Avant, L’Abcdr proposait les mixes Underground Upload, plongées annuelles dans les tréfonds du rap anglophone. Faute de temps pour suivre des scènes de plus en plus prolifiques et éclatées, la série s’est arrêtée après le millésime 2016. L’admiration n’en est que plus grande quand nous prenons connaissance d’exercices de défrichage de pans obscurs de notre musique, qu’ils se fassent par le biais de sites (on pense à Swampdiggers), d’émissions de radio (comme Ghetto Blaster) ou de mixes. Et dans cette dernière catégorie, on a particulièrement apprécié le sobrement nommé 2018 Selected Underground Hip-Hop du DJ toulousain K-Tana : plus de deux heures de bon rap, une centaine de morceaux, un vrai taf de deejaying. Et bien sûr des blazes toujours bienvenus sur les tracklists : Conway, Westside Gunn, Big Twins ou encore Joell Ortiz. L’occasion idéale de se tourner une dernière fois vers 2018, de se rendre compte qu’on a raté plein de projets plutôt cool et de se dire qu’on fera mieux en 2019.
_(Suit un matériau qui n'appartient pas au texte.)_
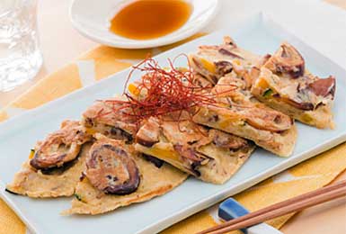 - ③フライパンにゴマ油を熱し、②を流し入れて弱めの中火で焼く。片面が焼けたら裏返し、フライ返しで軽く押さえながらもう片面も焼く。食べやすい大きさに切り、糸トウガラシをのせる。お好みで黒酢醤油をつけていただく。

Dans la galaxie Bon Gamin, il est indéniablement le moins productif. À chacune de ses sorties, Loveni confirme pourtant une chose : pas besoin de s’agiter dans tous les sens quand on peut balancer ici et là quelques morceaux au dessus du lot. Le compagnon de Myth Syzer et Ichon aura en effet distillé quelques belles perles ces derniers mois, de la trap menaçante du « Piège » en compagnie d’Ikaz Boi, aux mélodies Pharrelliennes du solaire « Relance », jusqu’à la langueur romantique de ce nouveau titre « Stop, Encore » en compagnie de Feujai. Porté par les longues nappes synthétiques du producteur Brody, Loveni tape une nouvelle fois dans le mille en faisant simple et efficace puisque l’ambiance et l’attitude priment parfaitement sur la technique tout en transportant l’auditeur dans un mood nocturne et romantique que l’on aime ressentir les soirs d’hiver. Une belle leçon de style qui devrait avoir une suite : « Une nuit avec un Bon Gamin », nouveau projet de Loveni, est attendu pour le 8 février.